[What this task involves] In the entries below, find the line with "<B>1914<$20> MS64 PCGS.</B></I>" and the line with "Gepard Glue to". Reproduce those two lines and every line between them exactly, and nothing more.

[Recorded data]
####

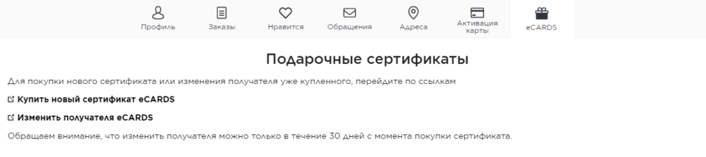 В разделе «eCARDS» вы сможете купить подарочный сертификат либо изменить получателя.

####

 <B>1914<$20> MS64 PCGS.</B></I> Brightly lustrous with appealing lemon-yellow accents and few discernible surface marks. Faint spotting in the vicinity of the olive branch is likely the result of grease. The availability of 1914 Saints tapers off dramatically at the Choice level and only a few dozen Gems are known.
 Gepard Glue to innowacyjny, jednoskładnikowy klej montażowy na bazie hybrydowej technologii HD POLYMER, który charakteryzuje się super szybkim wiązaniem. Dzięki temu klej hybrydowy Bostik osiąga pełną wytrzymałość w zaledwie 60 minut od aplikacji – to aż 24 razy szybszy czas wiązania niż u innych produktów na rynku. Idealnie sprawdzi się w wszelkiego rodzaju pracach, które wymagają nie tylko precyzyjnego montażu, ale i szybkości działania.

####

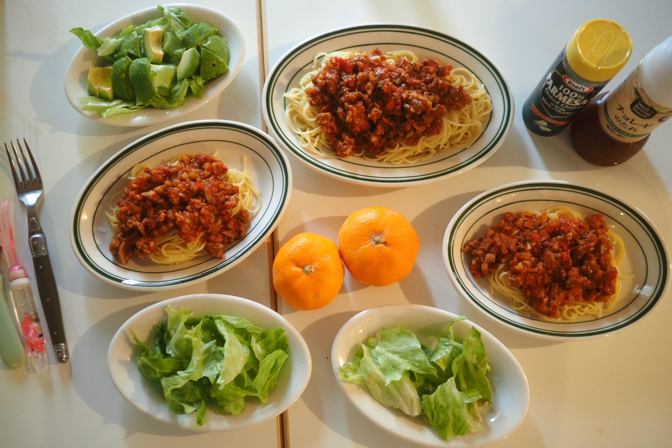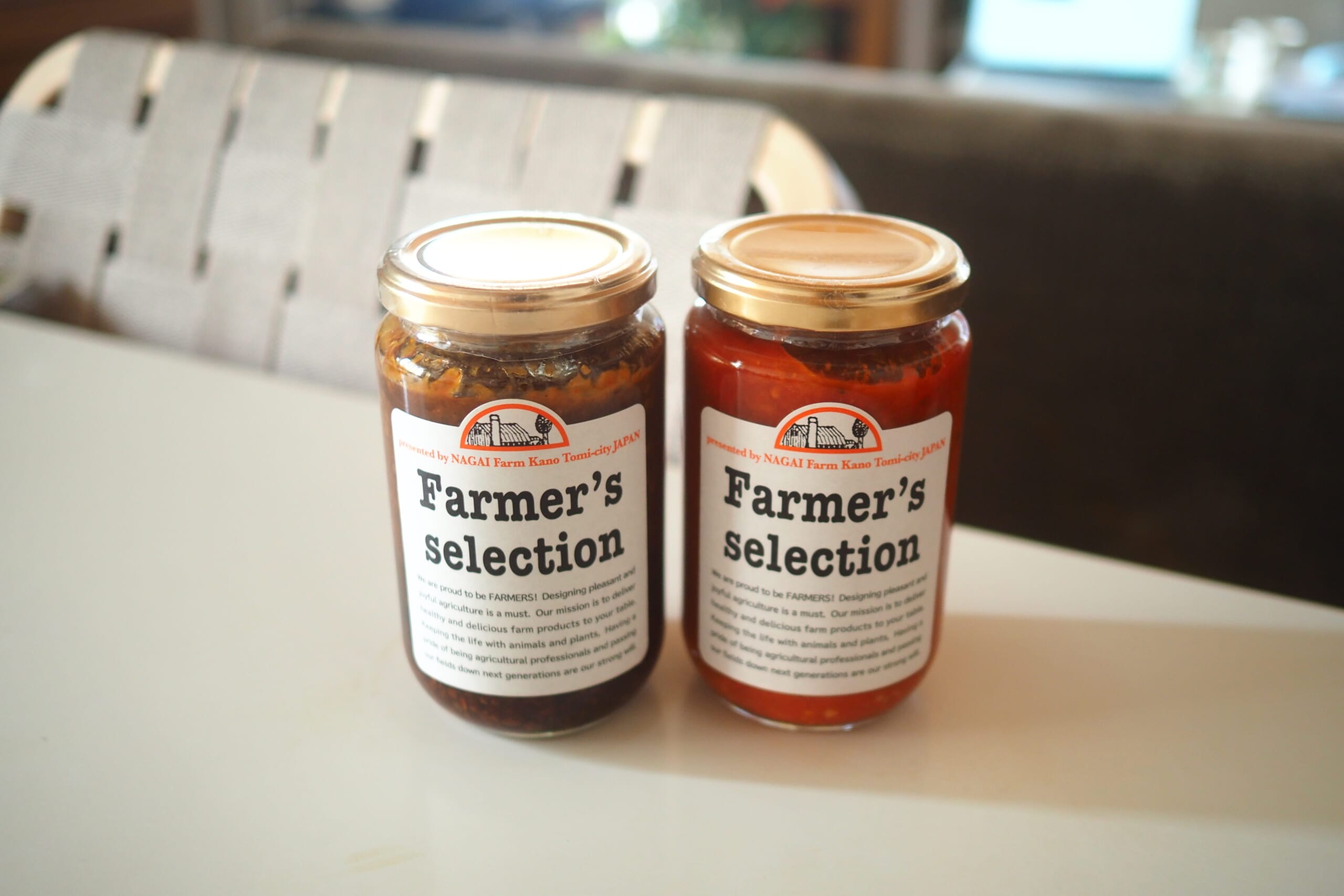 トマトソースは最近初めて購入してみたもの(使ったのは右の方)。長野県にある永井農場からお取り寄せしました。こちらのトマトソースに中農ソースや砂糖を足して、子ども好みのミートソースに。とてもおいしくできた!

####

[Problem solution]
 <B>1914<$20> MS64 PCGS.</B></I> Brightly lustrous with appealing lemon-yellow accents and few discernible surface marks. Faint spotting in the vicinity of the olive branch is likely the result of grease. The availability of 1914 Saints tapers off dramatically at the Choice level and only a few dozen Gems are known.
 Gepard Glue to innowacyjny, jednoskładnikowy klej montażowy na bazie hybrydowej technologii HD POLYMER, który charakteryzuje się super szybkim wiązaniem. Dzięki temu klej hybrydowy Bostik osiąga pełną wytrzymałość w zaledwie 60 minut od aplikacji – to aż 24 razy szybszy czas wiązania niż u innych produktów na rynku. Idealnie sprawdzi się w wszelkiego rodzaju pracach, które wymagają nie tylko precyzyjnego montażu, ale i szybkości działania.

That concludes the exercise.